## WHAT YOU WILL DO
Repeat nothing but the lines below running from the one containing "Quản lý công việc trong tháng" to the one containing "Zajímavé je, že". Keep both end lines.

## EXTRACTED MATERIAL

===============

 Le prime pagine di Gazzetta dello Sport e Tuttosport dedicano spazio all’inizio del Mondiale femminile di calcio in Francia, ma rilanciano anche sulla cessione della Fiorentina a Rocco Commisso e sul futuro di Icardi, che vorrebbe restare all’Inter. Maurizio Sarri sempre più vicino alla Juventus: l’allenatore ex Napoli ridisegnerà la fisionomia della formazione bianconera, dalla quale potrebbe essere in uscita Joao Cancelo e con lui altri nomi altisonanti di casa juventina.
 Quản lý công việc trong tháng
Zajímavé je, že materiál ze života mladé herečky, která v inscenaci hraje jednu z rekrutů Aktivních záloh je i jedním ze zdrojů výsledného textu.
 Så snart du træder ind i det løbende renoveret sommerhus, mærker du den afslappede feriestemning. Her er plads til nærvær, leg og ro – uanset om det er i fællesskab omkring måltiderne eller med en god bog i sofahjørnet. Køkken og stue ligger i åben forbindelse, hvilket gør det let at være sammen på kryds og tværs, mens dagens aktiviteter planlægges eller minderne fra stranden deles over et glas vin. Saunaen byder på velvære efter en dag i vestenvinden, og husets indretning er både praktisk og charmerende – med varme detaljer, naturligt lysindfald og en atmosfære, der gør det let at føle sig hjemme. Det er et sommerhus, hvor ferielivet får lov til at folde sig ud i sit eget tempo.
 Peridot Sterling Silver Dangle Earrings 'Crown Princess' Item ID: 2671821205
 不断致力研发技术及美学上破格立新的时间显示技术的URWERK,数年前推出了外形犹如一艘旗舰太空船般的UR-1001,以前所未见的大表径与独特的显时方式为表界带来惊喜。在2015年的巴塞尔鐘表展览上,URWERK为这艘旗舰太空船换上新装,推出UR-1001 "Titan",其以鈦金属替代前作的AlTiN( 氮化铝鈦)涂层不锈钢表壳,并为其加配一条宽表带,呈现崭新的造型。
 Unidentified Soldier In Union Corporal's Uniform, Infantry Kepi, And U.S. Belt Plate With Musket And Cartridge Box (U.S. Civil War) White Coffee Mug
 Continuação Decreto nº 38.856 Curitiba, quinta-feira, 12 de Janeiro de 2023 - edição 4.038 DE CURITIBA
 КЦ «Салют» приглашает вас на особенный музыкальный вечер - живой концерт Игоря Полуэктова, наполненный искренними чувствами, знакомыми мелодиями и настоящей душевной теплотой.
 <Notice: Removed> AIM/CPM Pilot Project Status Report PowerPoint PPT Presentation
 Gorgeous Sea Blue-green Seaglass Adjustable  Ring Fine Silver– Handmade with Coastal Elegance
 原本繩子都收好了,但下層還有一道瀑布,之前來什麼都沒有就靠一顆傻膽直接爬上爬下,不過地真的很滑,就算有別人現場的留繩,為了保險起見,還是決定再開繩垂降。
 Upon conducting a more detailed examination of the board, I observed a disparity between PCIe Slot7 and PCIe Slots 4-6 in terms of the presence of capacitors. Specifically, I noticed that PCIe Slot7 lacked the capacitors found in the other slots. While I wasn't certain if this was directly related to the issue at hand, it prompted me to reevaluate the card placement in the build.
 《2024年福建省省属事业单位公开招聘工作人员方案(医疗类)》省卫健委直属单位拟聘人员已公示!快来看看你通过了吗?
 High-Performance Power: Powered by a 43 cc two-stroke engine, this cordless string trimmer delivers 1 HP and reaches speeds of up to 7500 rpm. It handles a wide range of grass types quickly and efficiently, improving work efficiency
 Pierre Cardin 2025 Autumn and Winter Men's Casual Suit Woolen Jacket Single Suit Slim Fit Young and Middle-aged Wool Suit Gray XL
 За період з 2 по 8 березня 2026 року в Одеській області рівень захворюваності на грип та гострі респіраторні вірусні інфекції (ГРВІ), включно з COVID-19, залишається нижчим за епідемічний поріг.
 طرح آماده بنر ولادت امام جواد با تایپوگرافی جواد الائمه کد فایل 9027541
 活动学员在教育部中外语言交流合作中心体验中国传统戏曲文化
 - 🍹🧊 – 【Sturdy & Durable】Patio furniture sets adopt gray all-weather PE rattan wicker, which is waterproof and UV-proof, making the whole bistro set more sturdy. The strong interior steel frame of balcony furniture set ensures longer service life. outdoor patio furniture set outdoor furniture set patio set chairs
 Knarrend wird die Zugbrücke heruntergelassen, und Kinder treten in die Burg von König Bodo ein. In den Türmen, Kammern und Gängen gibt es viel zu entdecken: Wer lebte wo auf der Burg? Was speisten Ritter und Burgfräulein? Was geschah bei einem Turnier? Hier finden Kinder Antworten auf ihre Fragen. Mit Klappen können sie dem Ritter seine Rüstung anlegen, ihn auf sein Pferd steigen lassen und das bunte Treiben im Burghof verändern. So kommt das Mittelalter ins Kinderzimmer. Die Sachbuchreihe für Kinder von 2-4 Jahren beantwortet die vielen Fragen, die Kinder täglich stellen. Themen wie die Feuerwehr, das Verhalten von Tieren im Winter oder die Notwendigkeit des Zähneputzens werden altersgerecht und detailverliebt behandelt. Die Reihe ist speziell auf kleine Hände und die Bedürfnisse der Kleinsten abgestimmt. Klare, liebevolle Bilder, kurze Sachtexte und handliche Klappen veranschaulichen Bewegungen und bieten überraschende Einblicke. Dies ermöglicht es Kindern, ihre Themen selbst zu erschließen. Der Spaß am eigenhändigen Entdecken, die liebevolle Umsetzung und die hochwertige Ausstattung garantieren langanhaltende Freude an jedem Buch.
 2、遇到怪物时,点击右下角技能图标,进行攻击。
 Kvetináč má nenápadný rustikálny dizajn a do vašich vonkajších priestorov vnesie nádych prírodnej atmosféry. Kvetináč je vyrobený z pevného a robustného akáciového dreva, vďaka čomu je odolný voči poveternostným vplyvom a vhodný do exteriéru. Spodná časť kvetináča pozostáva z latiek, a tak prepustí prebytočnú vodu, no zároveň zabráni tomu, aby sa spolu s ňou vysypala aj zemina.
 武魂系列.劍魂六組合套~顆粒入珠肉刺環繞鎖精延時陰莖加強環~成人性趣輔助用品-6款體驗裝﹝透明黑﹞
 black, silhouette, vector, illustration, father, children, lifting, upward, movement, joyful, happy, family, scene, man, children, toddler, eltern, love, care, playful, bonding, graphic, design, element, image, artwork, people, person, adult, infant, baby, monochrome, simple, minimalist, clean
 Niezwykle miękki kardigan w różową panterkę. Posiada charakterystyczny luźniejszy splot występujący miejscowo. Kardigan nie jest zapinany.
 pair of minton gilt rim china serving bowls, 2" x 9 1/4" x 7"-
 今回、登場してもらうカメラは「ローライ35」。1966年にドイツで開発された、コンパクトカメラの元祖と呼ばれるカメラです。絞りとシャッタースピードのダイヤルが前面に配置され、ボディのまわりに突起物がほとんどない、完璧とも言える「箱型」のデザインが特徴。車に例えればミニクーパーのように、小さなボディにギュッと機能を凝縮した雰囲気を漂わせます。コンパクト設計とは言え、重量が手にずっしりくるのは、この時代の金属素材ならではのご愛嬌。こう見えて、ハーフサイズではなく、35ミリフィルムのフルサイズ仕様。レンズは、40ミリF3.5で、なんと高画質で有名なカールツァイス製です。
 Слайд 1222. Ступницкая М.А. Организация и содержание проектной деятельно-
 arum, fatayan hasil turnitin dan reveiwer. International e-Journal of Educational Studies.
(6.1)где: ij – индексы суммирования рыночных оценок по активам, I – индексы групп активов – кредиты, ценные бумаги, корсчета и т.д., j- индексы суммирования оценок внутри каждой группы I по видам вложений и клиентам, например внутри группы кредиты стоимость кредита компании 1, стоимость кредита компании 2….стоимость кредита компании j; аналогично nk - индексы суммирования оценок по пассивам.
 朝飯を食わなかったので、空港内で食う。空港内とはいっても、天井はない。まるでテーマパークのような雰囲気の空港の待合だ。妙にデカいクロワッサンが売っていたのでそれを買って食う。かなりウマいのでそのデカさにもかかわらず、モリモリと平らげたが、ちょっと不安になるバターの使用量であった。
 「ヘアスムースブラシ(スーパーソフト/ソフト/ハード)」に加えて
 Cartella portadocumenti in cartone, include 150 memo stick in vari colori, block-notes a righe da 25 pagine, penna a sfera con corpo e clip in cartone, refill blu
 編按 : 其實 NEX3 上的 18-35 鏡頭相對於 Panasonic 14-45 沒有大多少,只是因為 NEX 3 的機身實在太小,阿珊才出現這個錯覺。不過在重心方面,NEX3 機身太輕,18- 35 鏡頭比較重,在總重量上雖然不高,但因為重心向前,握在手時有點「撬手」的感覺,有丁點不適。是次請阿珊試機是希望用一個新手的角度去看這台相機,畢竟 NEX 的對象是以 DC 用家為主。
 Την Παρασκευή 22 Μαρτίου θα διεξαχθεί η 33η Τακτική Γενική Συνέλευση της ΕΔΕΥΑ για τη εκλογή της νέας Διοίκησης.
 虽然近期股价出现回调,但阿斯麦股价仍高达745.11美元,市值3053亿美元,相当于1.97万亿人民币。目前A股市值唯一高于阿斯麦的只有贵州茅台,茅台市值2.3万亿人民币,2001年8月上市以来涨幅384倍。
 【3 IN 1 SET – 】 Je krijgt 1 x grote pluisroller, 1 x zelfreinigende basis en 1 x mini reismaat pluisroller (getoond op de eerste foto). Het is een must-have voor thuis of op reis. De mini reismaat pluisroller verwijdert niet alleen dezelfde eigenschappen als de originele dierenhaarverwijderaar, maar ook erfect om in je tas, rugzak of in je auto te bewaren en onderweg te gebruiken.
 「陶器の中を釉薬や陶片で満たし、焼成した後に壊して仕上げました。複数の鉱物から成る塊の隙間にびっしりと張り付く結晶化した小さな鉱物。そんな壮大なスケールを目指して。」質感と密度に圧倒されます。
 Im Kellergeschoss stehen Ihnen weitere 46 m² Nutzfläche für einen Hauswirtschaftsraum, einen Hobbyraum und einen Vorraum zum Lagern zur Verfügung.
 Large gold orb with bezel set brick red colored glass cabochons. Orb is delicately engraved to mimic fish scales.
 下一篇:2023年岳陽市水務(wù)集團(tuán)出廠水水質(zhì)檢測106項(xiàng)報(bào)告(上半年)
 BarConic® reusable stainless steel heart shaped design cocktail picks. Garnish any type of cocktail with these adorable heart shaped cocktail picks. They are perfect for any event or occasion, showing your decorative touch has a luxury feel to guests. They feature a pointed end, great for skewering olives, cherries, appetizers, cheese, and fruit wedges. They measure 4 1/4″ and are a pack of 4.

===============

## RESULT
 Quản lý công việc trong tháng
Zajímavé je, že materiál ze života mladé herečky, která v inscenaci hraje jednu z rekrutů Aktivních záloh je i jedním ze zdrojů výsledného textu.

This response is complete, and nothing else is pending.